私は“叱られて”を持っていきました。これは私の父がよく口ずさむ曲で、父のこと、家族のこと、故郷を思い出す曲なのですが、その気持ちに集中して歌うと、なるほどその一つ一つの歌詞はわからなくても、その曲に寄せる私の気持ちがちゃんと伝わっている、というのです。
ところがいざ外国の曲を歌おうとすると、どうしても私は(他の人も)その曲のあらすじやアイディアを伝えようとばかりしてなかなか”叱られて”を歌ったときのように、素直に自分自身を委ねることができない。“私今悲しいんですーーーーーー!”とその歌詞の説明をするような歌いかたをしてしまうのです。
しかし毎回のクラスで恥じをかきながらもめげずに持っていくと、次第に頭と体と声のギャップが埋まっていくのを感じるようになってきました。と同時にそういう感覚になるためには今までの何倍以上にも曲を吟味して自分の理解を深めておかなければいけないことも分りました。
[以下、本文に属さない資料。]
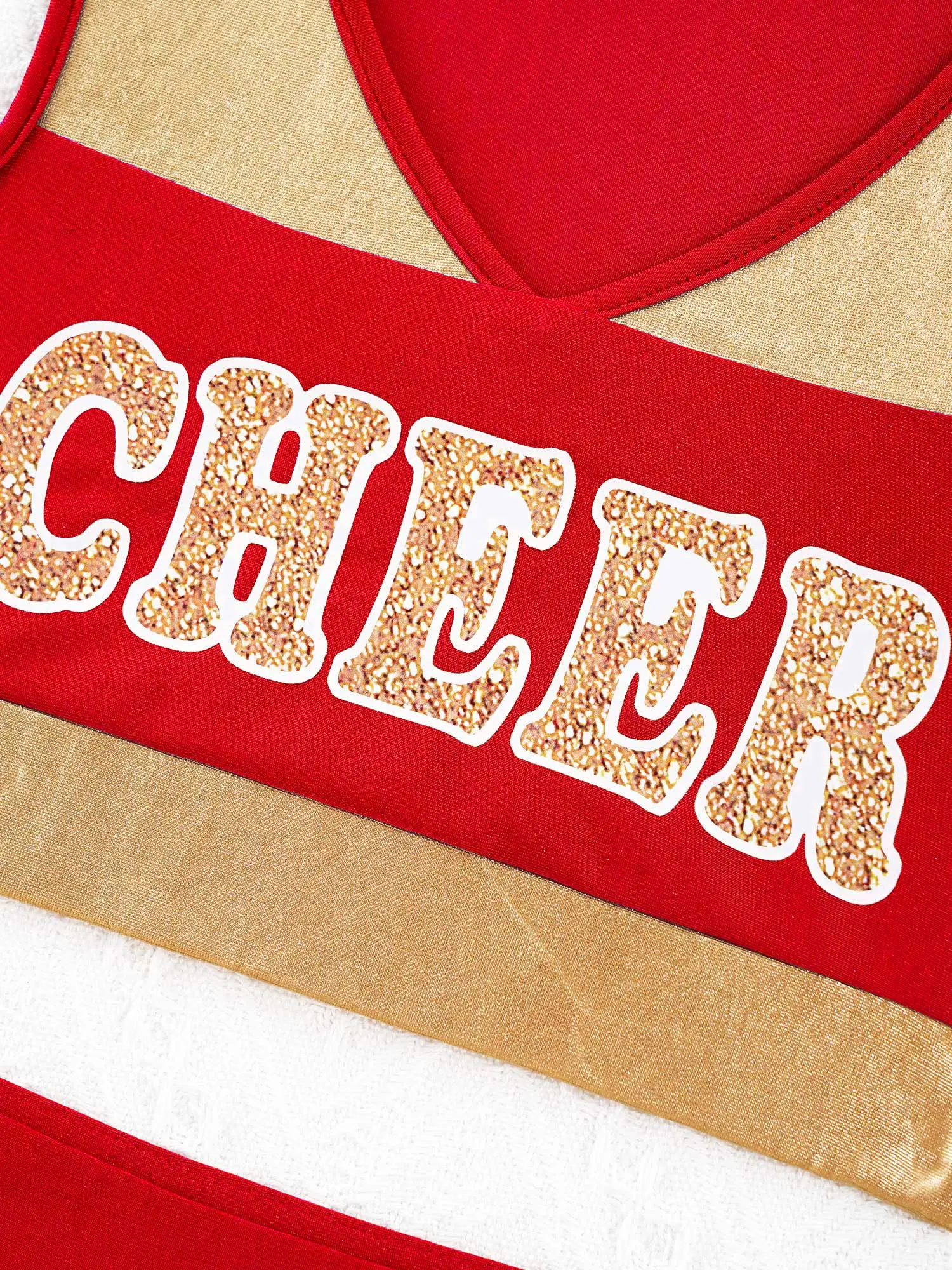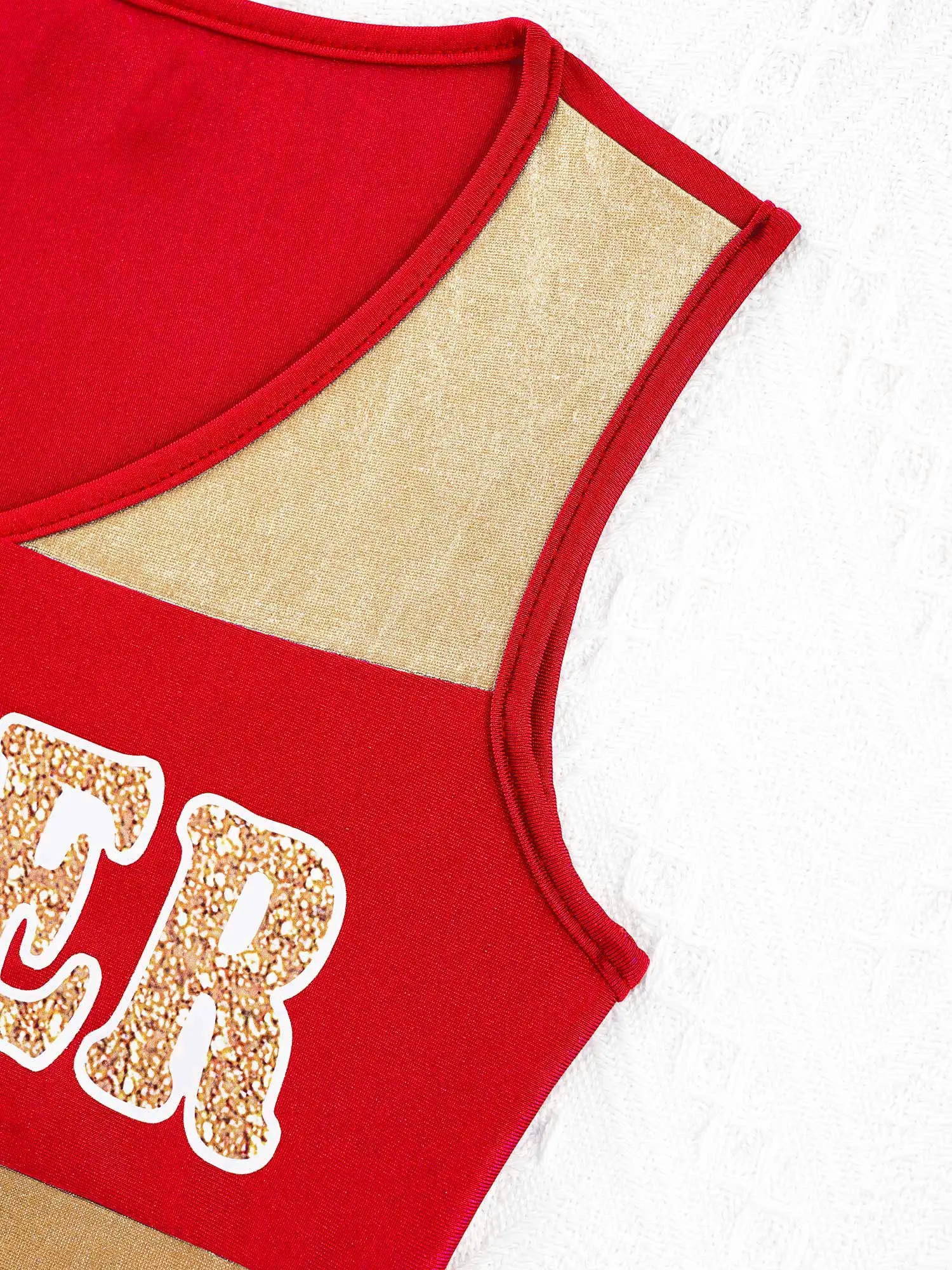 Укороченный топ без рукавов и v-образный вырез; Принт с надписью «CHEER» спереди.

今回のリサイタルのなかではそういう練習のかいがあったのか、”今私はこういう曲を歌っているんですーーーーーーー!”と聞く人に説明をするような歌いかたをすることが少なかったように思います。もちろんまだまだやらなければ行けないことは山のようにありますが、小さなこの一歩を大切にしてまたがんばりたいと思います。

今日はジュリアードでしている練習と今回のリサイタルについて絡めながらお話させていただきました。
今はオペラ”ルクリーシャの恥辱”の最終稽古に入っています。本番は2月2、4、6日です。この頃NYにおいでになる方がいらっしゃいましたら、連絡下さい。
冬本番、皆さん風邪をひかないように気をつけてお過ごし下さい。それではまた。



このリハーサルに、指揮者の井上道義先生がお見えになりました。